L’interprétation chorégraphique a réuni tous les suffrages. Mlle Cerny, Mlle Ghibaudi, Mlle Saint-Cygne, sont dans des genres différents, d’une grâce parfaite, et ont fait preuve du plus réel talent. Il n’y a que des compliments à adresser à M. Soyer le Tondeur pour la manière dont il a réglé les pas, les ensembles, la figuration. L’apothéose en particulier, était d’un goût exquis.

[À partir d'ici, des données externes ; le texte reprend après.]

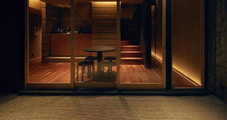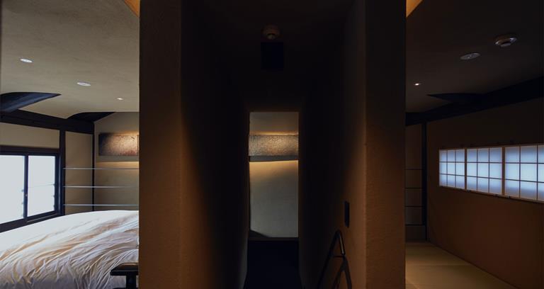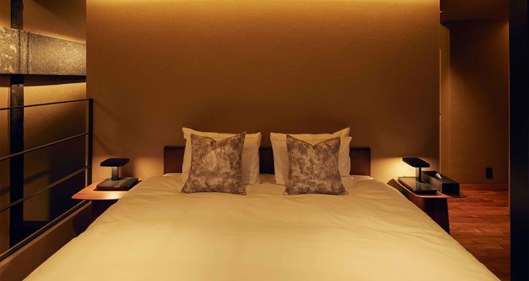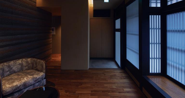 Tucked away on a quieter spot among Kyoto’s crowded, trellised streets, the Hosoo Residence nevertheless affords closeness to the city’s historic sights, along with its burgeoning shopping scene including around Oike Dori and the nearby markets. Here you can retreat from the thronging pavements into an atmospheric single-bedroom sanctuary for two adults, cocooned in homely burnished teak. Hosoo, a company established in 1688, produces textiles by employing the classic (Kyoto district) Nishijin weaving method, helping form part of an ambient effect dominating the residence. Along with bespoke furniture and minimalist windows, the artwork creates a dimly lit but intriguing space which gradually reveals itself to guests.

Quant à la partition, elle fait le plus grand honneur à M. Flon. Elle nous a semblé fort supérieure aux productions classiques de Delibes ou de Luigini. Relevons surtout la science orchestrale et contrapuntique qu’elle dénote, l’heureux emploi des bois et la variété des timbres ; la finesse des dessins de cordes, l’adresse des transitions et des oppositions dans un genre que l’inévitable constance du

rythme ternaire tend à rendre facilement monotone. Le seul reproche que l’on pourrait adresser à cette musique à la fois habilement facturée et agréablement mélodique, ce sont quelques réminiscences de Delibes ou d’Hérodiade. Il n’en reste pas moins que Myosotis est une œuvre charmante que nous serons heureux d’applaudir souvent encore.

Werther

Il y a deux choses intéressantes dans Werther, le caractère du personnage principal, et l’habileté de facture de la partition.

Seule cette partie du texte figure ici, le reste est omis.